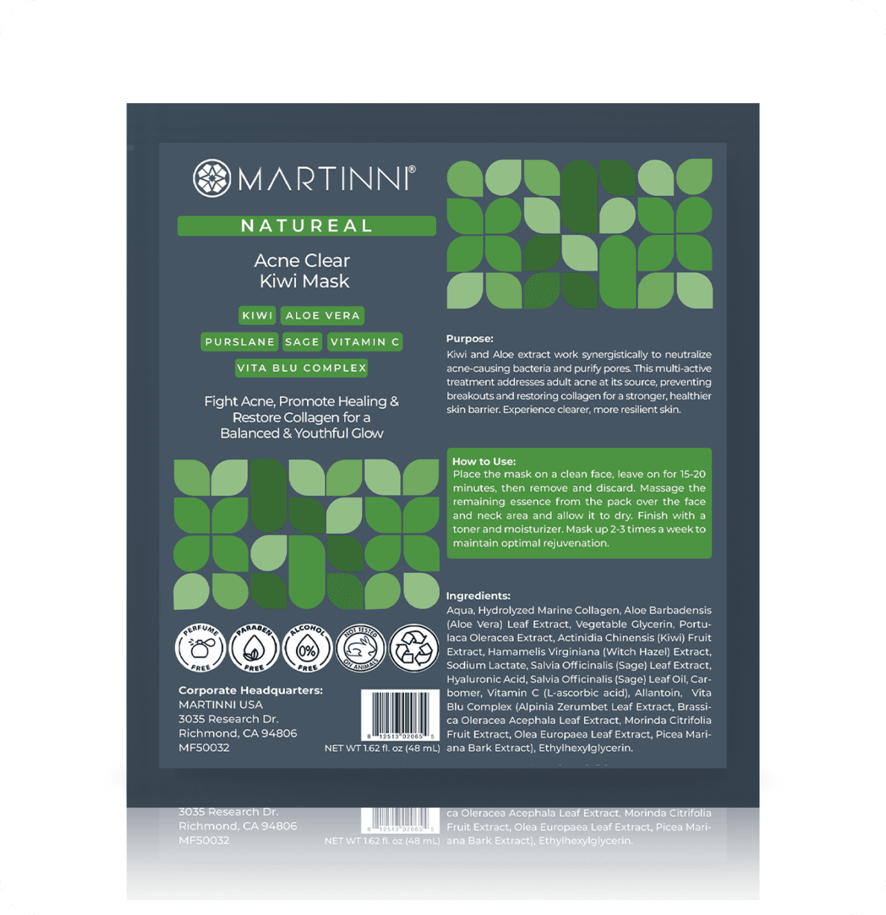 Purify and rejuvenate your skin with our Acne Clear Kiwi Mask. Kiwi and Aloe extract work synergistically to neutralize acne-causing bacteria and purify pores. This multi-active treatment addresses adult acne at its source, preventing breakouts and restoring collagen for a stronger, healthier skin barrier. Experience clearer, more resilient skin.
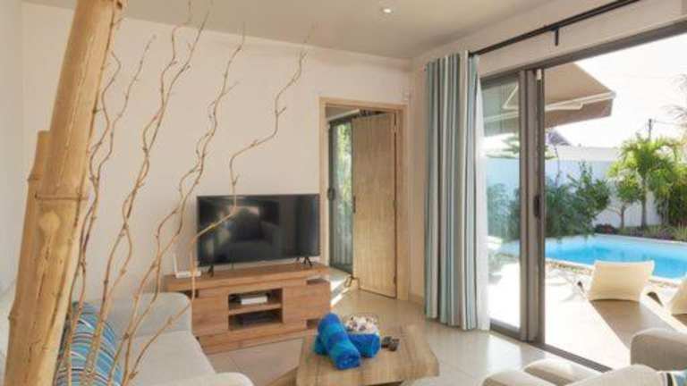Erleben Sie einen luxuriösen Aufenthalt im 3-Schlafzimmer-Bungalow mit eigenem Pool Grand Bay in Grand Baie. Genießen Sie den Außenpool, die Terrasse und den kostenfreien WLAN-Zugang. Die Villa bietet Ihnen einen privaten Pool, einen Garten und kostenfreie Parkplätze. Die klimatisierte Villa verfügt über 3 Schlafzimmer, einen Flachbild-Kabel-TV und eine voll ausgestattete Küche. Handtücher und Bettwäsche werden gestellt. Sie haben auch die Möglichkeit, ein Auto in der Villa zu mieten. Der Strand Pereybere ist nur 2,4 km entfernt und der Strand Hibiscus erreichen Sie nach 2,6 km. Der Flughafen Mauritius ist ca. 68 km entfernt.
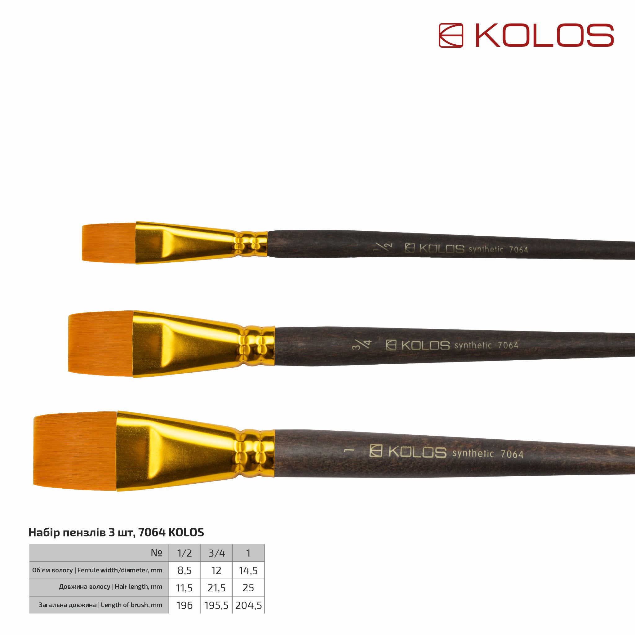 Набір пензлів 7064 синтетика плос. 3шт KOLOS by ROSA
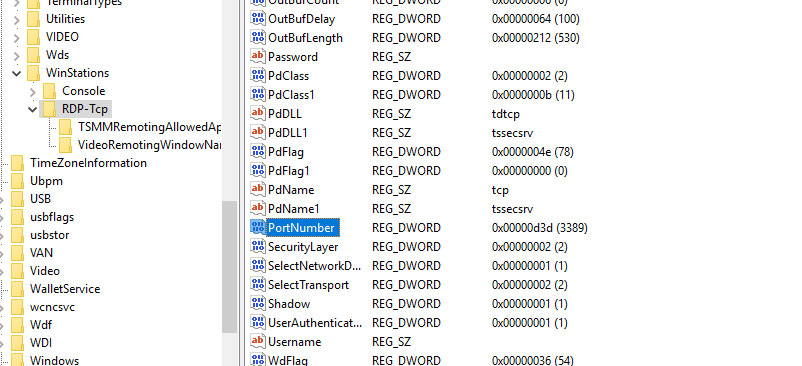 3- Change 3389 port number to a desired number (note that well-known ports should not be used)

▸ Your instructions
These lines alone form the answer: the one containing "Набір пензлів 7064" and every line after it through the end of the material, exactly as written, pictures left out.

▸ Task solution
 Набір пензлів 7064 синтетика плос. 3шт KOLOS by ROSA
 3- Change 3389 port number to a desired number (note that well-known ports should not be used)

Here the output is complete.